Pennsylvania Transportation

Post date: Apr 24, 2010 8:16:58 PM

Trails

The setting sun, the mountain passes, and the topography of mountain and valley, determined the course of the Indian trails -- the only highways known to the savages. The "war-path" was a term full of meaning. Bloody and senseless wars were the chief end in life of the most of them, and the trails from tribe to tribe usually meant "the war-path" -- the thin trails worn in the primeval rocks by the generations of painted braves on their bloody missions. These Indian trails directed the white man to the heart of the wilderness. They were the primitive roads pointing his course in his slow voyage from the Atlantic to the Pacific. The adventurous hunters would discover and first follow up these trails, and then tell the young immigrants of the wonders of the country they had seen. It was a hunter, that had looked upon Falling Springs and the surrounding beautiful land, who told young Chambers about it, and determined him to come here. By following the trail leading from about Harrisburg toward the Potomac, as directed by the hunter, the Chamberses were led to the spot that will ever be a monument to the memory of that illustrious family.

Roads

In 1736 the first road was laid out in the Cumberland Valley. It would be most probably termed in these days a bridle road, that is, a road over which the trains of pack-horses could travel and carry, as they did, the articles of commerce of that day. In the year named, the courts of Lancaster appointed COLONEL CHAMBERS and five others, to view roads and survey important lines. In 1735 a road had been ordered to be made from Harris' Ferry toward the Potomac River, and COLONEL CHAMBERS and party surveyed the route and "blazed it out." This first road, strange as it seems now, met with considerable opposition "from a number of inhabitants on the west side of the Susquehanna." It was originally intended to extend only from Harris' Ferry to Letort Springs, (Carlisle).

Military Roads

This road extended from Mc DOWELL?'s MILL, near Chambersburg, "over the mountains to Raystown (Bedford), by the forks of the Youghiagheny, to intersect the Virginia road somewhere on the Monongahela," being supposed indispensable for the supply of BRADDOCK's troops on the route to Fort Du Quesne?, and after their arrival. One of the commissioners to lay out this road was ADAM HOOPS, of Antrim. A route was surveyed from a gap in the mountain near Shippensburg over an old Indian trail to Raystown. The road was from ten to thirty feet wide, according to the work necessary to construct it; it was completed to Raystown in June. BRADDOCK's defeat rendered further work unnecessary, and it was stopped. In 1768 the first public road extending through this county and into Fulton County was ordered by the court of quarter sessions of Cumberland County. It was an extension of the old "Harris' Ferry toward the Potomac" road. When made, it ran through Peters, Antrim and Washington Townships, as they are now formed.
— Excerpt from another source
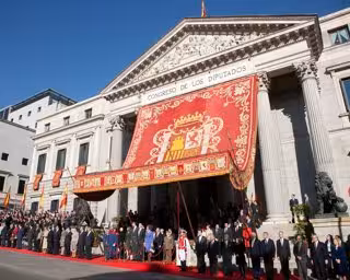 A continuación, la comitiva se dirigirá al pie de la escalinata del Palacio del Congreso, lugar en el que tendrá lugar, en torno a las doce y diez del mediodía, el saludo a los presidentes del Congreso, Ana Pastor, y del Senado, Pío García Escudero, y los miembros de las Mesas de ambas cámaras.

At the April session of the court of Cumberland County, 1761, a petition of the people of Peters Township was presented, asking for a road saying that they have no prospect for a standing market for the produce of the county, only at Baltimore, and having no road leading from their township to said town of Baltimore, and flour being the principal commodity their "township produceth, and having two mills in said township, viz: JOHN Mc DOWELL?'s and WILLIAM SMITH's," they pray the court to appoint men to view and lay out a road from each of said mills to meet at or near the house of WILLIAM MAXWELL, and from thence to run by the nearest and best way toward said town of Baltimore, until it intersects the "temporary line," or the line of York County.
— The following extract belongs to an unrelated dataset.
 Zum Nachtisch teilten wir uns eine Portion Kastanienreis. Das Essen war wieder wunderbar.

The court appointed HENRY PAWLING, JAMES JACK, JOHN ALLISON, JOSEPH BRADNER, JOHN Mc CLELLAN?, JR., and WILLIAM HOLLIDAY, viewers, any four of them to make a report. No report was made until April, 1768, when the viewers reported in favor of granting the petition of the people of Peters and Hamilton Townships. But the branch roads to the mills were restricted to be bridle roads. They were to unite at or near JAMES IRWIN's mill, in Peters Township; thence crossing to the Conococheague Creek, at the mouth of Muddy Run; thence through Antrim Township to Nicholson's Gap, in the South Mountain, from there to Baltimore. Thus it mainly followed the old trail; the trail being superseded by a bridle road, and this by a wagon road, and the last by a turnpike. This was the regular order of development that has now resulted in the railroads -- the first and main lines of which substantially follow the great Indian trails.
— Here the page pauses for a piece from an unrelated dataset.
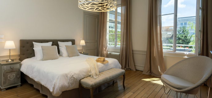 Bed en breakfast met karakter gelegen aan de voet van de kathedraal van Reims. 4 kamers, grote tuin, wellnessruimte (privétoegang). Gastronomisch ontbijt (streekproducten).

In 1768 the court appointed EDWARD CRAWFORD, JONAH COOK, GEORGE BROWN, WILLIAM Mc BIER?, WILLIAM HOLLIDAY and WILLIAM Mc DOWELL?, viewers, to locate a road from JAMES CAMPBELL's, near Loudon, through Chambersburg, to the county line in Black's Gap. This is now substantially the route of the present turnpike road. When Chambersburg was laid out as a town, the road toward Shippensburg crossed the spring at the present fording on King Street, and following its course through the Indian burial place and the yard of the Presbyterian Church, finally joined the present road in front of the church, and pursued its eastward course several rods distant from the present turnpike, but nearly parallel with it. The only place where the Conococheague could be crossed near the southern limit of the town was at the lower fording, at LEMON's factory, where the bridge now is. At this ancient fording COLONEL CHAMBERS once kept a flat-boat for carrying foot passengers. Two roads ran westward from the ford, one of which, now Franklin Street, wound over the hill to Market Street, and then proceeded directly west. The other ran through Wolfstown and formed a junction with the former at Western Point, about a mile from town.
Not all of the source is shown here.